Leiserson received multiple research awards in 2013 and 2014 for the Cilk work (see below).

===Akamai===
He was formerly director of research and director of system architecture for Akamai Technologies in Boston, a company that developed content distribution networks in the late 1990s. The company grew out of the research made at M.I.T., and where his Ph.D. student Robert Blumofe was Executive Vice President.

===Textbooks===
Leiserson coauthored the standard algorithms textbook Introduction to Algorithms together with Thomas H. Cormen, Ronald L. Rivest, and Clifford Stein.
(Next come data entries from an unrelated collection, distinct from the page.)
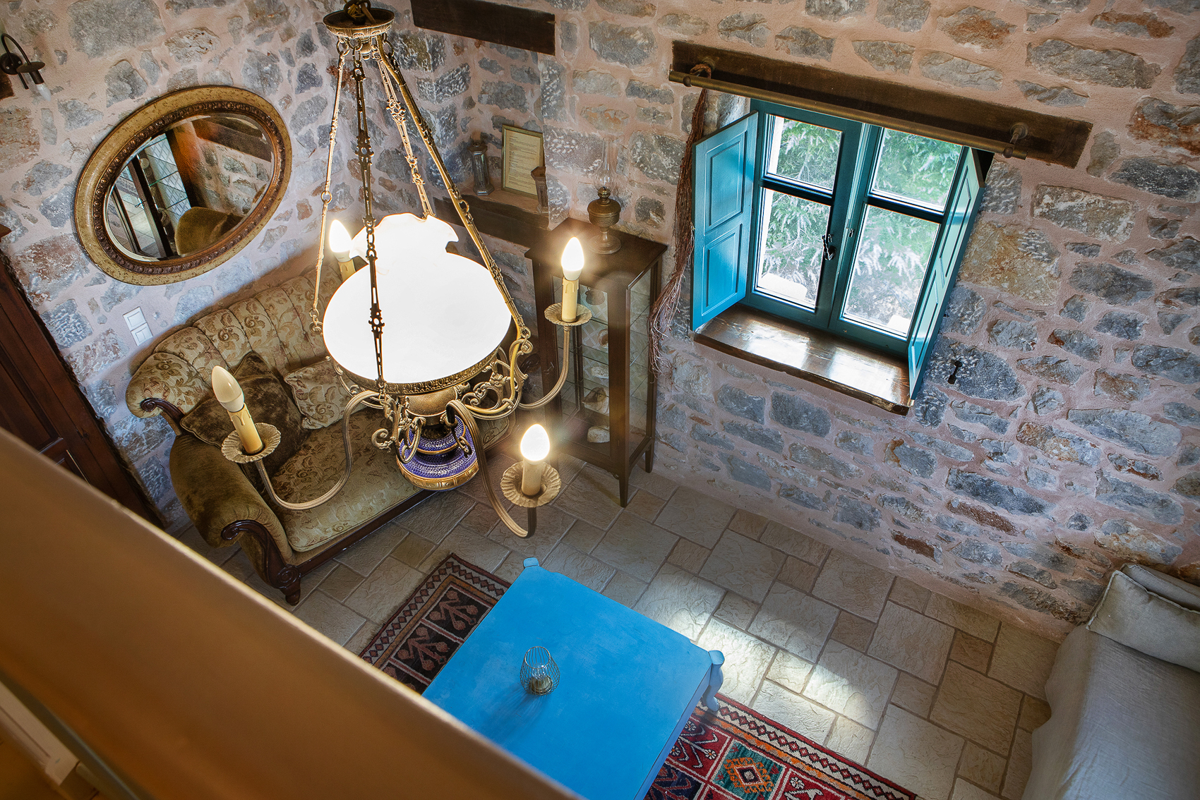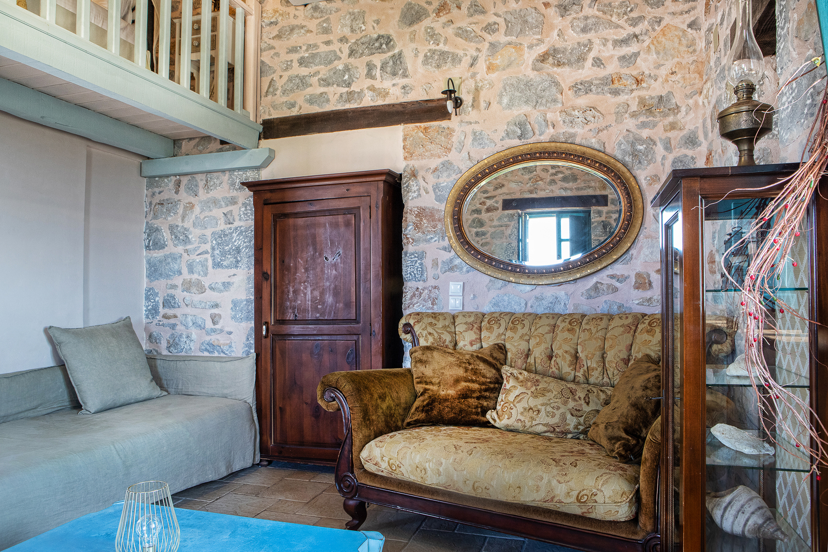 Το καθιστικό σας χαρίζει σε όλη τη διάρκεια της ημέρας τις ανέσεις που χρειάζεστε για να κάνετε τη διαμονή σας ευχάριστη και άνετη. Ο αναπαυτικός καναπές σας περιμένει να απολαύσετε το ποτό σας με συντροφιά το αναμμένο τζάκι που υπάρχει στις περισσότερες σουίτες. Η όμορφη τραπεζαρία, σας δίνει τη δυνατότητα να απολαύσετε ένα ήρεμο και ρομαντικό γεύμα. Με μεγάλη βεράντα, αγναντεύοντας μπροστά μας την Αρεόπολη και τη θάλασσα και από την άλλη τη βουνοκορφή του Ταϋγέτου με το γραφικό χωριό Σωτήρας, γαντζωμένο επάνω του.
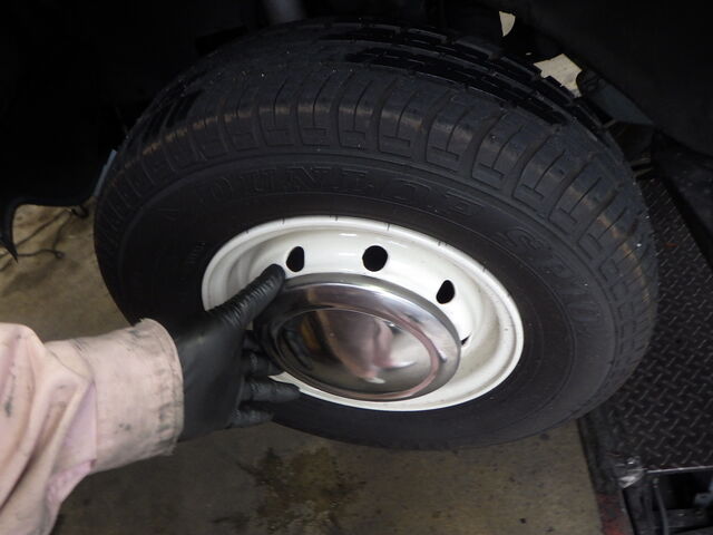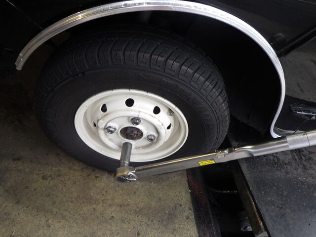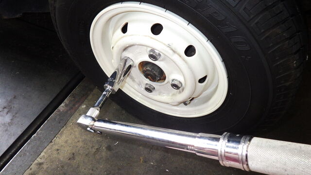 タイヤを取り付けホイールナットを規定トルクで締め付けます。
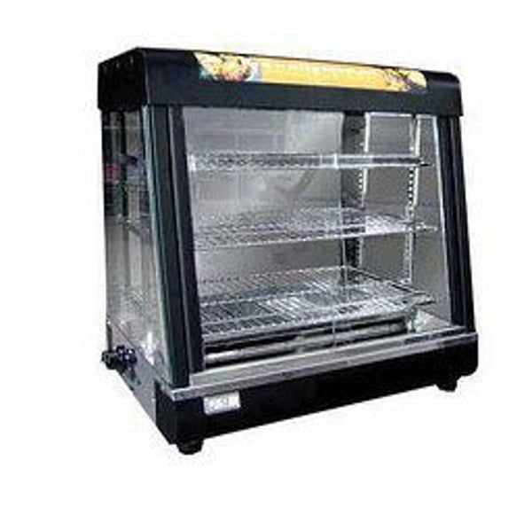 Настільна вітрина забезпечує необхідну температуру від +30 до +85 ° С, має три рівні. Теплова лампа та тени з термостатом. Каркас вітрини виконаний із нержавіючої сталі, скляні дверцята. Лайтбокс розташований зверху. Існує цифровий дисплей.
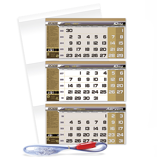 - 3 календарни тетрадки с иглена перфорация и сребърна/златна самозалепна лента (шапка)
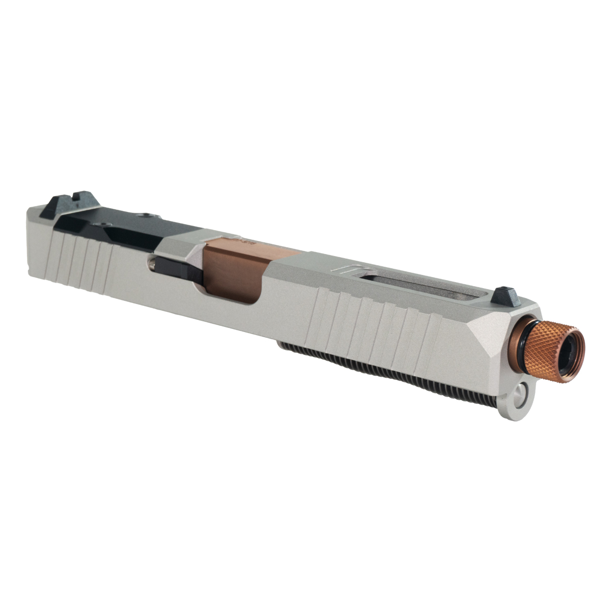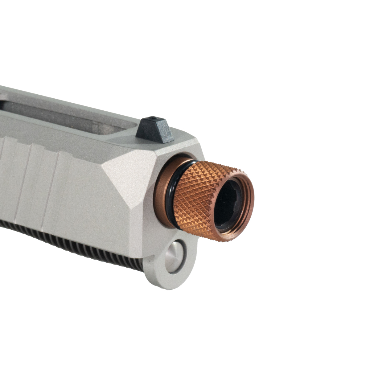 Accompanying the slide is a 416R stainless steel barrel finished in Copper PVD, providing superior durability and performance. The barrel features a 1/2x28 thread pitch and comes with a threaded muzzle device, complete with an O-ring for secure fitment and a sleek Copper finish. Designed for reliability and precision, this complete slide kit is essential for gunsmiths seeking quality components for G17 modifications.
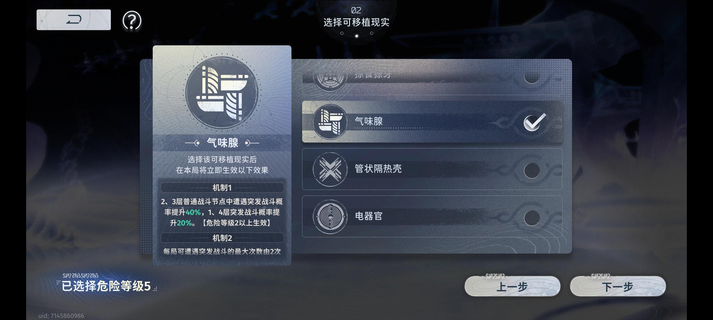 思路:开局选气味腺,一二层多战斗拿战力切片,尽可能选主题切片,先提高战力,碰到气味腺的战斗突袭打2个就够,三四层多选事件,随机切片
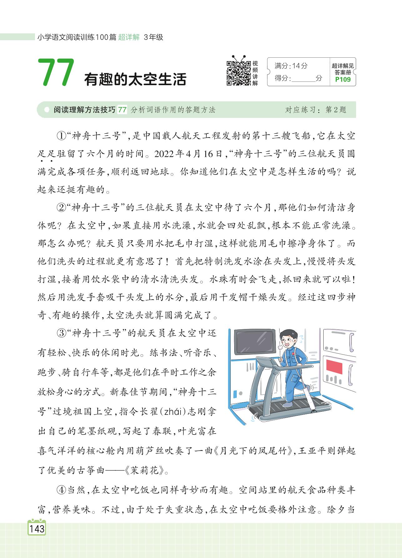 2024全一册三年级语文人教版 专题六 科普文 77 有趣的太空生活
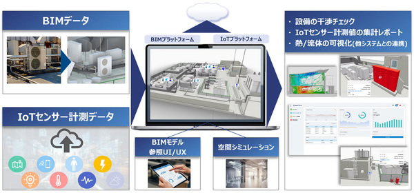IoTデータや点検記録などを、BIM(Building Information Modeling:建築情報モデリング)による3Dモデルに集約して、「設備のデジタルツイン」を構築する。情報の分散を解消して、現場担当者から経営層までが3Dダッシュボードの同じ情報を見て議論できる環境を構築する(図1)。
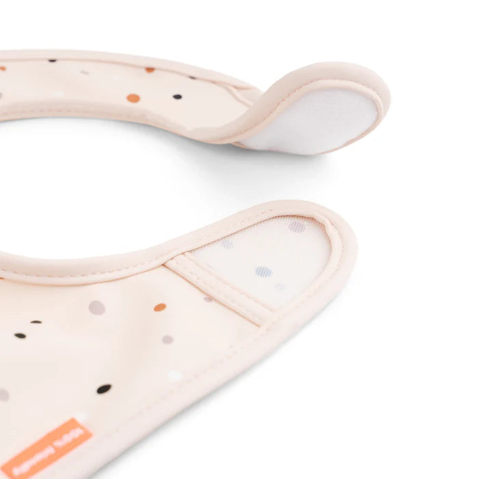 Din Deer friend er klar til at gøre spisetid lidt mindre rodet med dette praktiske sæt af to vandtætte hagesmække med Velcro-lukning. De er nemme at tørre af og den smarte lomme fanger den mad der ryger ved siden af og sparer dig en masse rengøringstid. De bløde hagesmække har en smart Velcro-lukning, der gør dem nemme at tage af og på. Det søde sæt består af to hagesmække, den ene i en lys, pudderfarvet nuance er dekoreret med Ozzo og fine vandplanter og Happy dots i forskellige, lyse farver på den anden.

Leiserson mentions this was elected the "Best 1990 Professional and Scholarly Book in Computer Science and Data Processing" by the Association of American Publishers.

==Awards and honors==
- 1981 Fannie and John Hertz Foundation’s Doctoral Thesis Award.
- 1982 ACM Doctoral Dissertation Award for his Ph.D. thesis, Area-Efficient VLSI Computation
- 1985 National Science Foundation awarded him Presidential Young Investigator Award.
- 2007 elected Margaret MacVicar Faculty Fellow at MIT, the highest recognition at MIT for undergraduate teaching.
- 2013 Paris Kanellakis Award from ACM, with his PhD student Robert D. Blumofe, for "contributions to robust parallel and distributed computing", in particular the work-stealing scheduling and the Cilk research.
- 2014 Taylor L. Booth Education Award from the IEEE Computer Society "for worldwide computer science education impact through writing a best-selling algorithms textbook, and developing courses on algorithms and parallel programming."
- 2014 Ken Kennedy Award from ACM-IEEE Computer Society for his "enduring influence on parallel computing systems and their adoption into mainstream use through scholarly research and development." He was also cited for "distinguished mentoring of computer science leaders and students."
- Elected as Fellow of the Association for Computing Machinery (ACM), the American Association for the Advancement of Science (AAAS), the Institute of Electrical and Electronics Engineers (IEEE), and the Society for Industrial and Applied Mathematics (SIAM).

==Personal life==
His father was Mark Leiserson, a professor of economics at Yale University.